# Looking for what ship my grandfather was on



## res1wpvx (Sep 29, 2017)

Hi, I am doing a family tree. Most of the family members that are older or even talked about the wars are dead. Both my grandfather, grandmother and father has deceased. 

I am trying to find out information on my grandfather serving in the navy (at least that is what branch i think he said, i was very young when he rarely talked about the wars) Actually he never really talked about his family or much of the war time. I know he suffered pain from it and the topic would always upset him if i asked questions (which was probably dumb at that time because i was so young)

How do i go about finding out if he was in the navy and what ships he was aboard and what he did on the ship?

My grandfather's name is Earl Frakes dob May 7th, 1914 lived in Terre Haute Indiana USA

Any help would be greatly appreciated.


----------



## Laurie Ridyard (Apr 16, 2014)

There are 3 major points you can research -

1. US Navy War records.

2. US Merchant Marine War Records.

3. US Coastguard records.

If he was in the Merchant Marine, he would have a had a Discharge Book , which records his personal data and ships he worked on, giving dates of engagement and discharge.

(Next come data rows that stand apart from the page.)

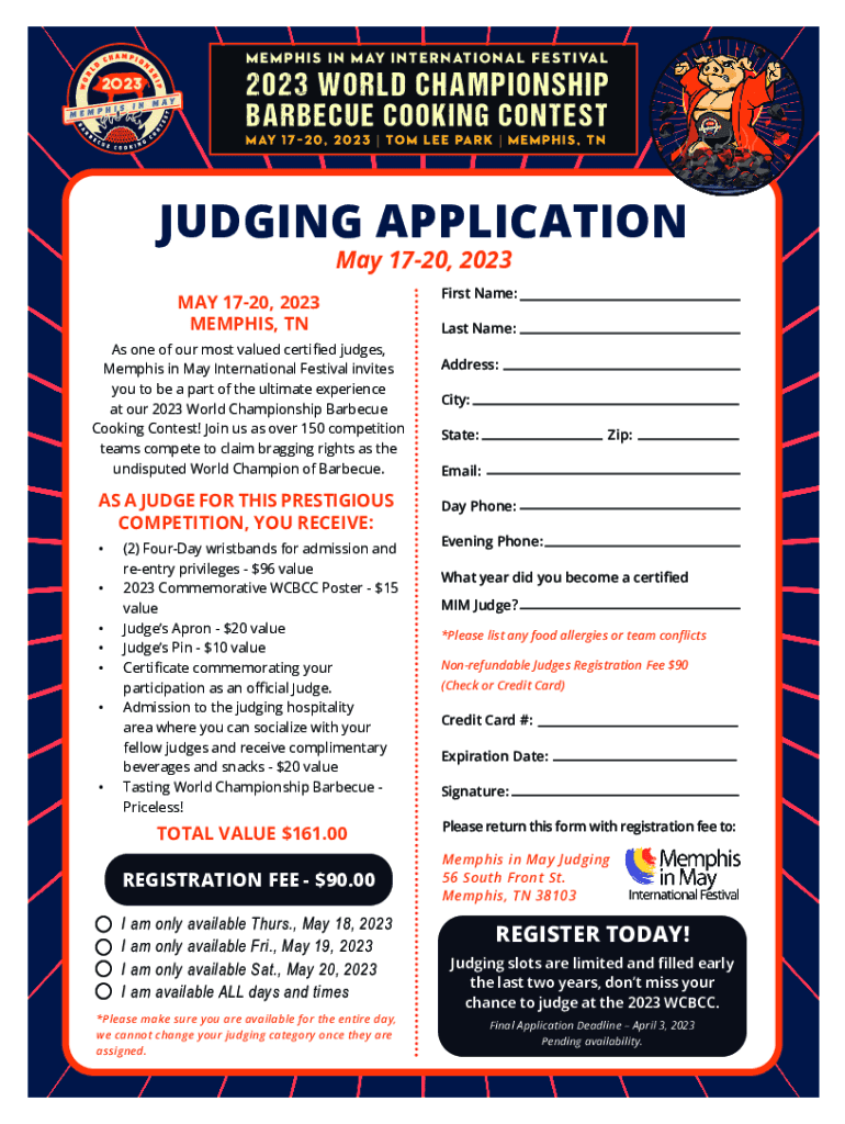 2023JUDGING APPLICATION May 1720, 2023MAY 1720, 2023 MEMPHIS, TN As one of our most valued certified judges, Memphis in May International Festival invites you to be a part of the ultimate experience
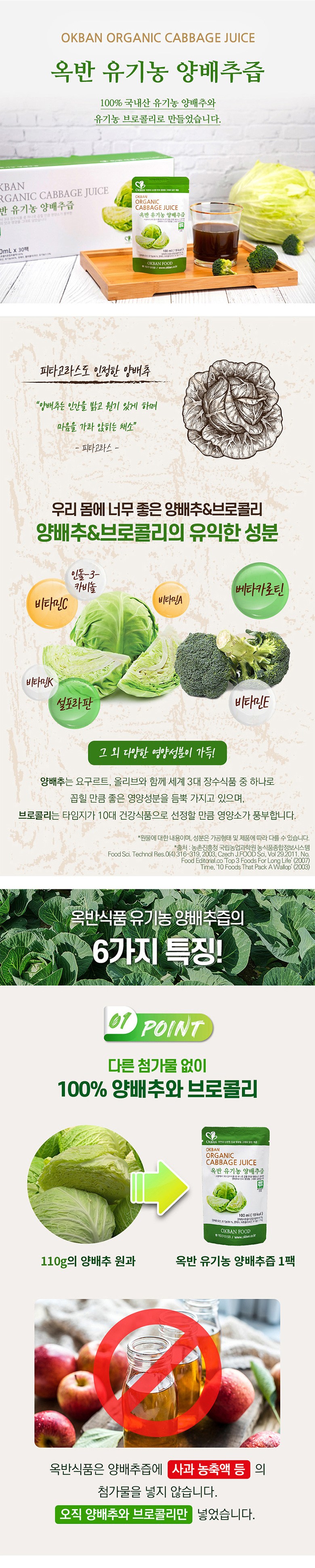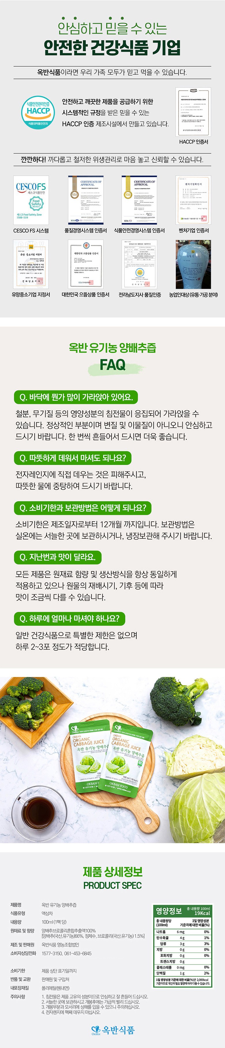 | 포장단위별 내용물의 용량(중량), 수량 | 1포 당 100ml, 60포/90포 | 원재료명 및 함량 | 유기농 양배추브로콜리혼합추출액 100%[양배추(국산, 유기농)66%, 정제수, 브로콜리(국산, 유기농)1.5%] |
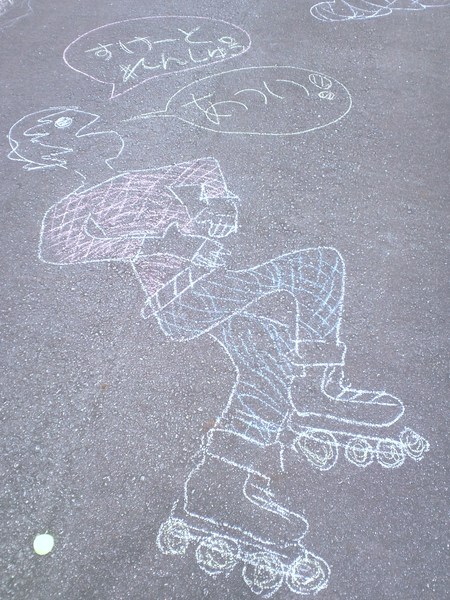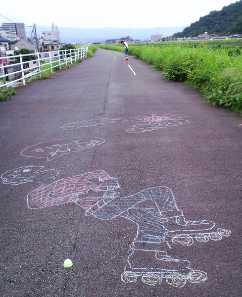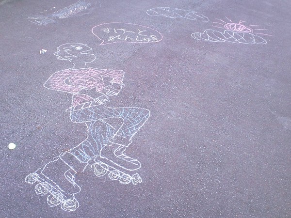時折、ふと気が向いて、道の上に落書きをしてみたりします。チョークでコキュコキュと絵を描いていると、不思議に楽しく熱中することができます。ただひとつの難点は、書いた絵を消す・直すことが難しい、ということです。チョークで書いたものを消すための「消しゴム・スプレー」みたいな素敵なグッズがあるといいな・作ってみたいな、ということが最近感じる願いのひとつです。
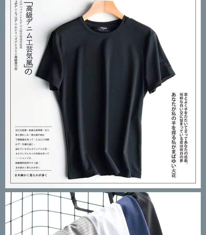 Мужская летняя футболка из ледяного шелка, с коротким рукавом, дыша...
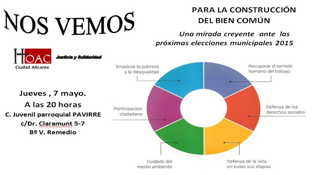 La HOAC de Alicante organiza una charla para reflexionar sobre las próximas elecciones municipales desde una mirada creyente. Será el jueves 7 de mayo a las 20:00 horas en el Centro Juvenil parroquial Pavirre, en la calle Dr. Claramunt 5-7, en el Barrio V. Remedio, Alicante.
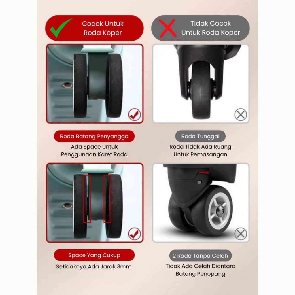 Karet Silicon Pelindung Protector Roda Koper Universal Melindungi Wheel Cover Anti Slip Bergerigi Roda Koper Jadi Smooth
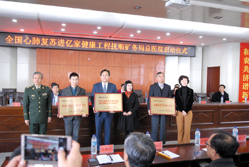11月9日上午,全國心肺複蘇普及進億家健康工程啟動暨撫順礦務局總醫院腹部心肺複蘇轉化應用基地成立儀式在撫礦總醫院大學術報告廳隆重舉行。中華醫學會科學普及部部長唐芹,中華醫學會科普分會、中國研究型醫院學會心肺複蘇專業委員會主委王立祥,解放軍總醫院教授沈洪,首都醫科大學教授張紅,中國研究型醫院學會心肺複蘇專業委員會副主委李靜,世界危重病醫學雜誌編輯部主任、解放軍總醫院教授馮麗潔等應邀出席了授牌儀式。市政府副秘書長李斌,市衛計委主任王文晶,市疾控中心主任周毅,撫礦集團公司副總經理侯景波等領導出席了本次儀式,撫順市各醫院應急辦主任、急診科負責人,各協作醫院院長、門急診醫生共計270餘人參加了本次活動。
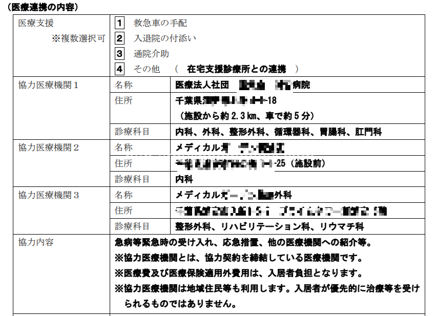 重要事項説明書の各項目に真摯に向き合いていねいに記入している施設は、設備やサービスに対する自信であったり偽らない正直さの現れでもあり、利用者の立場に立った施設と言うことができます。

If he was on a ship or ships which were torpedoed by UBoats, you might find him mentioned on the Uboat. net site- see https://uboat.net/

ATB

Laurie


----------



## Erimus (Feb 20, 2012)

Earl Frakes
Terre Haute, Vigo County, Indiana
Born: May 7, 1914

Died: March 16, 1993

Age At Death: 78


He appears on Mooseroots website but little detail...might give you some though?

geoff


----------